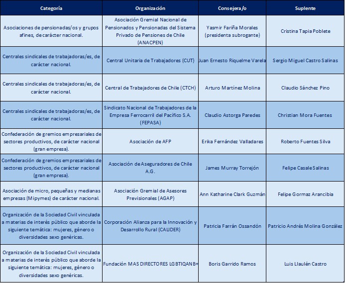 La siguiente es la nómina de integrantes del Consejo de la Superintendencia electas y electos para el período 2024-2026, acompañada de la resolución que aprueba la constitución de la instancia con la representación de las organizaciones de la sociedad civil y sus consejeras y consejeros, con fecha 21 de noviembre de 2024.
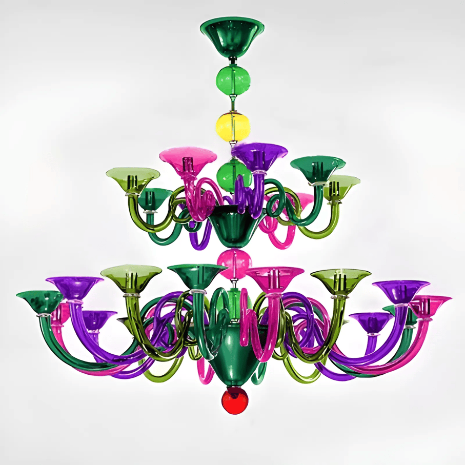 Liv serie di lampadari monumentali in vetro soffiato di Murano moderni con forme lineari e sinuose con colori brillanti quali elementi caratterizzanti.
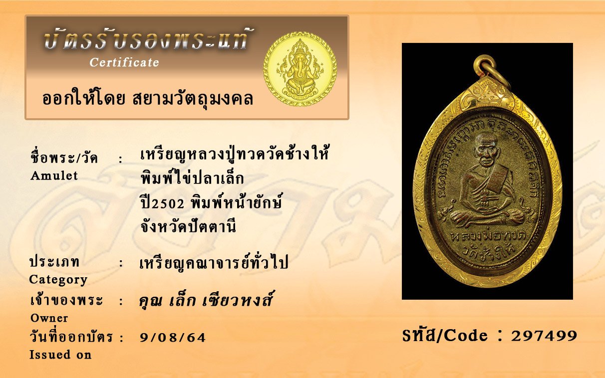 รหัสสินค้า : 297499 เหรียญหลวงปู่ทวดวัดช้างให้ พิมพ์ไข่ปลาเล็ก ปี2502 พิมพ์หน้ายักษ์ จังหวัดปัตตานี
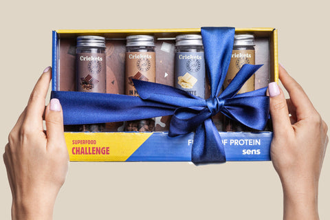 Taste roasted edible crickets in a snack gift box. Enjoy the crunch, protein boost and unique edible insects gift.
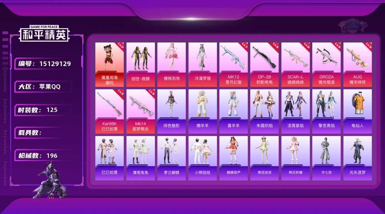 [15129129]【店主推荐捡漏号!可直接换绑】/素材身法号/地铁满天赋 苹果 手Q-1神装-3粉装-7特效枪-3粉色飞行器-5.7w热力值-11王牌印记-125套装-196枪皮【红色神装等级】:魔童闹海-哪吒(二级)【热门品类】:套装-龟仙人【粉色套装】:套装-创世·救赎,角色-樱桃泡泡,角色-冷漠罗丽【粉色枪皮等级】:SCAR-L-锦绣绵绵(五级),GROZA-镜光银凌(五级),AUG-暖羊咩咩(五级),Kar98K-巳巳如意(五级),Mk14-甜梦熊击(五级),MK12-雪月幻音(七级),DP-28-豹影疾电(五级)【粉色飞行器】:智趣喵喵飞行器,极意拳锋飞行器
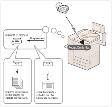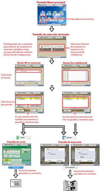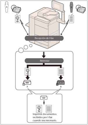 Si los archivos de imágenes adjuntos a los documentos de I-fax recibidos no son compatibles con este equipo, estos archivos no se procesan (imprimir, reenviar o guardar). En su lugar, se eliminan. En este caso, los nombres de los archivos eliminados y el mensaje <No es posible procesar el archivo adjunto con ningún programa.> se imprimen con el texto del I-fax recibido. Se recomienda eliminar de los buzones de fax/I-fax los archivos o datos de imagen que no sean necesarios para dejar espacio libre para guardar nuevos archivos. [Enviarme a mí] aparece sólo si guarda una dirección de e-mail de usuario cuando se utiliza la autenticación mediante SSO-H. [Carpeta personal] aparece sólo si establece autenticación mediante un servicio de inicio de sesión como SSO-H. |
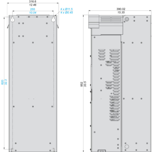 Falownik ATV610C11N4 Schneider Electric przeznaczony do pracy z trójfazowymi silnikami asynchronicznymi o mocy do 110 kW. Przetwornik zasilany jest napięciem 3x380...460 VAC. Moc przemiennika ATV610C11N4 przy pracy ciężkiej wynosi 90kW, zaś przy pracy lekkiej to 110 kW. Prąd wejściowy tego inwertera to odpowiednio 201 A ND/170 A HD, zaś prąd wyjściowy 211 ND i 173 HD. Częstotliwość wyjściowa podana jest na 500 Hz, a znamionowa częstotliwość łączeniowa 4000 Hz. Komunikacja w falowniku Easy Altivar 610 odbywa się protokołem Modbus RTU po RS485. 3-fazowy falownik ATV610C11N4 został wyposażony w 6 wejść cyfrowych, 3 wyjścia przekaźnikowe, 3 wejścia analogowe prądowo-napięciowe oraz 1 wyjście analogowe prądowe i 1 wyjście analogowe napięciowe, z możliwości rozbudowy za pomocą kart rozszerzeń I/O. Schneider Electric zaleca stosowanie przy ATV610 ATV610C11N4 wyłącznika silnikowego NSX250-MA220 filtr du/dt VW3A5307 oraz zabezpieczenia 315A. Ponadto przetwornik został wyposażony w zabudowany filtr EMC C3. Dodatkowo Schneider Electric daje możliwość rozbudowy falownika za pomocą kart rozszerzeń. W przypadku przetwornika ATV610C11N4 dostępne są: karty rozszerzeń wejść/wyjść VW3A3203, VW3A3204 oraz karta komunikacyjna ProfibusDP VW3A3607. Falownik ATV610C11N4 posiada obudowę o stopniu ochrony IP20 przystosowany a do montażu pionowego. Wymiary urządzenia to 850x300x375 mm, waga wynosi 85,5 kg.
------------------------------------
» What to do
Write out the records above exactly. Begin with the first line, end with the line holding "Liv serie di", and drop the pictures.

» Result of this task
 La siguiente es la nómina de integrantes del Consejo de la Superintendencia electas y electos para el período 2024-2026, acompañada de la resolución que aprueba la constitución de la instancia con la representación de las organizaciones de la sociedad civil y sus consejeras y consejeros, con fecha 21 de noviembre de 2024.
 Liv serie di lampadari monumentali in vetro soffiato di Murano moderni con forme lineari e sinuose con colori brillanti quali elementi caratterizzanti.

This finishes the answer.